(Sr Sci) Principal Scientist, Gene Perturbation & Cell Fate

Job Description

We are working with a team at the forefront of reproductive biology, developing human eggs from stem cells (iPSCs) to transform fertility, reproductive health, and genetic diversity—powered by expertise in stem cell, developmental, and synthetic biology.

The Role

We’re looking for a scientist with deep expertise in transcription factor and gene network–guided cell fate engineering to lead a critical new initiative.

You’ll be responsible for designing and executing RNA- and TF-based strategies to accelerate iPSC differentiation into germline fates. This means driving transcription factor–guided differentiation projects, developing RNA-based gene perturbation approaches, and shaping the strategy that defines this program.
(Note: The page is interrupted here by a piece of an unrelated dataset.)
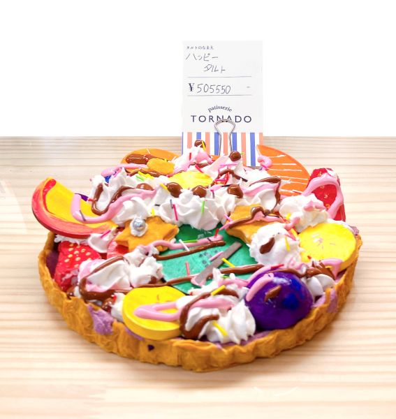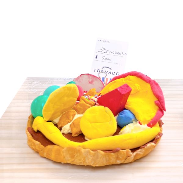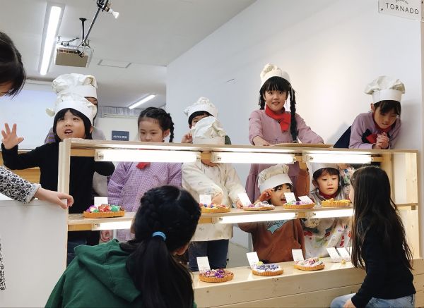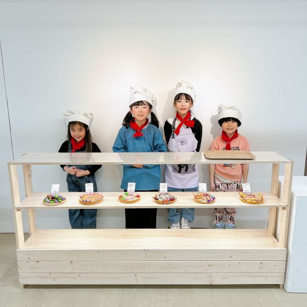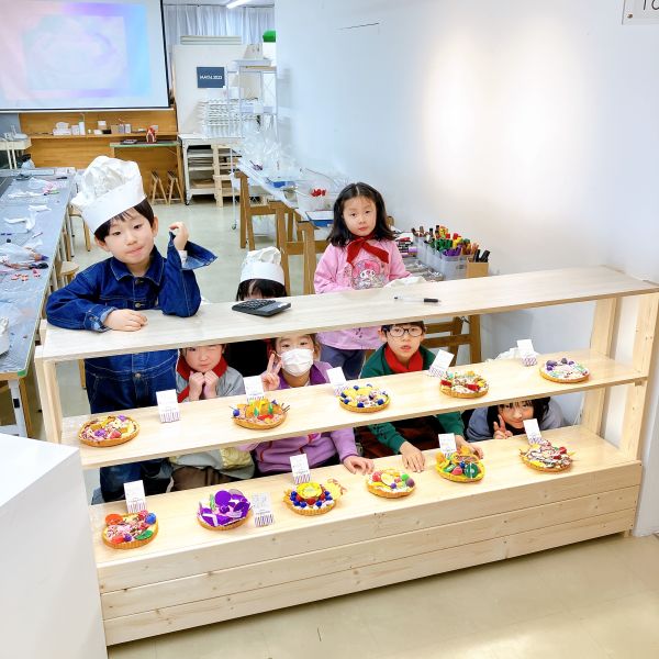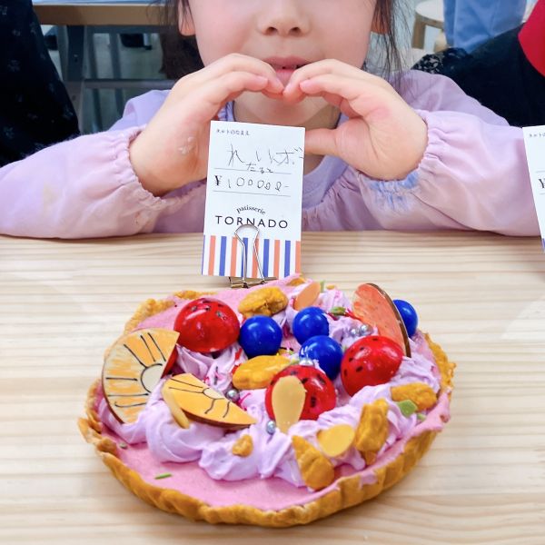 自分の作品に商品タグをつけて、ひとつひとつ棚にきれいに並べていきました。これはもうすっかり、リアルなお店屋さんの雰囲気!さっそく「いらっしゃいませ」「これをください」小さなこどもたちが一生懸命作った、タルト専門店がオープン!

This is a high-impact leadership role: you’ll begin hands-on in the lab with a small team, then quickly expand into managing direct reports and building a broader program. We want someone who thrives in a fast-moving, startup-like environment, is comfortable taking ownership, and is motivated to deliver rigorous results that make a real-world impact.

Responsibilities

• Design and lead transcription factor and gene perturbation projects, with emphasis on RNA-based, non-integrative strategies.
• Develop a company strategy for applying a clinically viable gene perturbation approach to speed up differentiation across multiple areas of our existing pipeline.
• Build, manage, and mentor a small team of scientists and research associates.
• Drive innovation in non-integrative gene expression systems (mRNA, circRNA, CRISPRa/dCas9), especially adapting these technologies to high-throughput screens.
• Develop and apply high-throughput pooled TF/gene screening approaches (e.g., TFome, ORF libraries) as implicated by scientific strategy.
• Integrate machine learning–guided or computational pipelines (e.g., ATAC-seq, DNase-seq, RNA-seq–driven predictions) with experimental design.

Qualifications

Required:

• PhD in Synthetic Biology, Developmental Biology, Stem Cell Biology, RNA Biology, or related field.
• Strong publication record demonstrating impact in cell fate engineering, stem cell or developmental biology, transcription factor biology, or RNA biology.
• Hands-on expertise with transcription factor–guided differentiation and gene perturbation approaches.
• Experience designing and executing high-throughput genetic, ideally RNA-based screens.
• Expertise with non-integrative gene modulation tools (mRNA, circRNA, dCAS/CRISPRa systems).
• Familiarity with computational and/or machine learning approaches for TF or target discovery (via direct work or collaborations). Ideal if you have spearheaded initiatives to mine data yourself for target overexpression candidates or developed new computational tools to do so.
• Demonstrated leadership in academia (e.g., leading large collaborations) or biotech (e.g., managing small teams).
• Desire to thrive in a fast-paced, high-ownership startup environment.

Preferred:

• Experience with pooled ORF/TFome libraries, combinatorial TF perturbation, or barcoded screening workflows.
• Experience integrating chromatin accessibility data (ATAC-seq, DNase-seq) or transcriptomics into TF discovery.
• Prior management of small teams in academia or industry.